Exercise requirements => Beginning with the line that contains "Description: Transformateur électronique", restate each line below through the final one exactly, and exclude the pictures.

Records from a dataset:

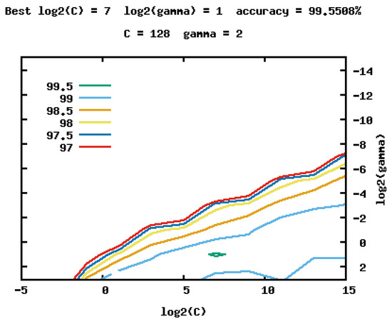 where training data are represented by , , , b is the bias, , are the Lagrange multipliers obtained during the optimization process [43] and , are the support vectors, for which and is a kernel function. A Radial Basis Function (RBF) was used as a kernel in this study:
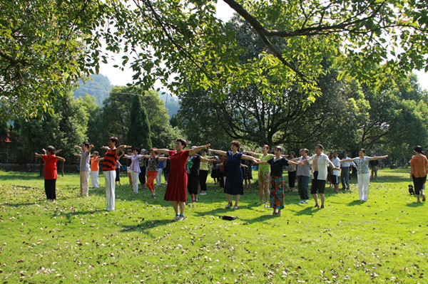 此次活動共有120多名體協(xié)會員參加,大家都想借此機會和大自然來個親密接觸,體協(xié)委員利用休息時間為大家采購了豐富美味的食物。利用新世紀(jì)綠草地依山伴水的地理資源優(yōu)勢,在秋日和煦的陽光下,在風(fēng)景秀麗的南明湖邊,我們老年人在綠草地上展現(xiàn)了 “年輕人”舞步,跳著佳木斯健身操動作,擺動雙臂,邁開雙腳,走出健康,走出幸福。當(dāng)走進餐廳看見桌子上擺好的餃子皮和餃子餡,老同志們便紛紛摩拳擦掌,躍躍欲試。他們各自分工后便熱火朝天的忙起來,現(xiàn)場笑聲不斷。
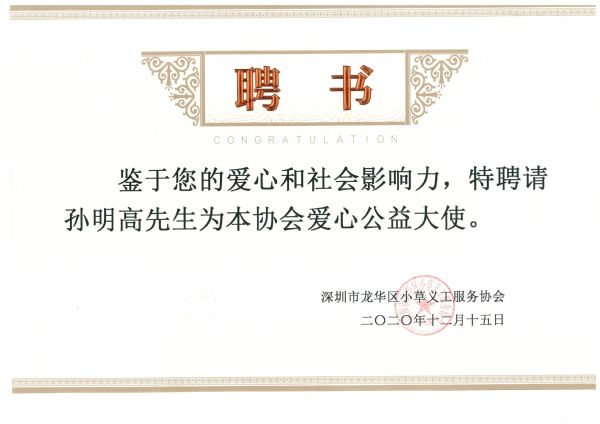 鉴于孙明高董事长在公益事业的无私奉献和社会影响力,以及多年来对深圳市龙华区小草义工服务协会给予的关心和支持,2021年1月17日,在小草义工服务协会成立十二周年表彰活动上,广东省政协原秘书长琚立铭先生为孙明高董事长亲自颁发了“爱心公益大使”荣誉证书。
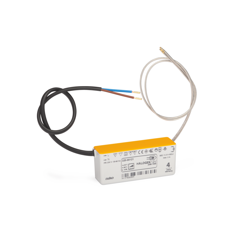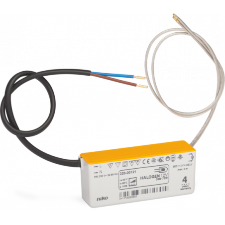 Description: Transformateur électronique compact de 70 W avec raccordements filaires du côté primaire et du côté secondaire (non coulé)
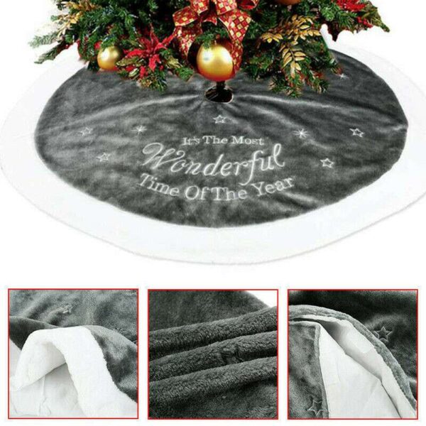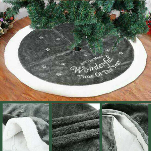 90cm Luxury Grey Fur Christmas Tree Skirt Festive Home Xmas Snowflake Decor

Answer box =>
 Description: Transformateur électronique compact de 70 W avec raccordements filaires du côté primaire et du côté secondaire (non coulé)
 90cm Luxury Grey Fur Christmas Tree Skirt Festive Home Xmas Snowflake Decor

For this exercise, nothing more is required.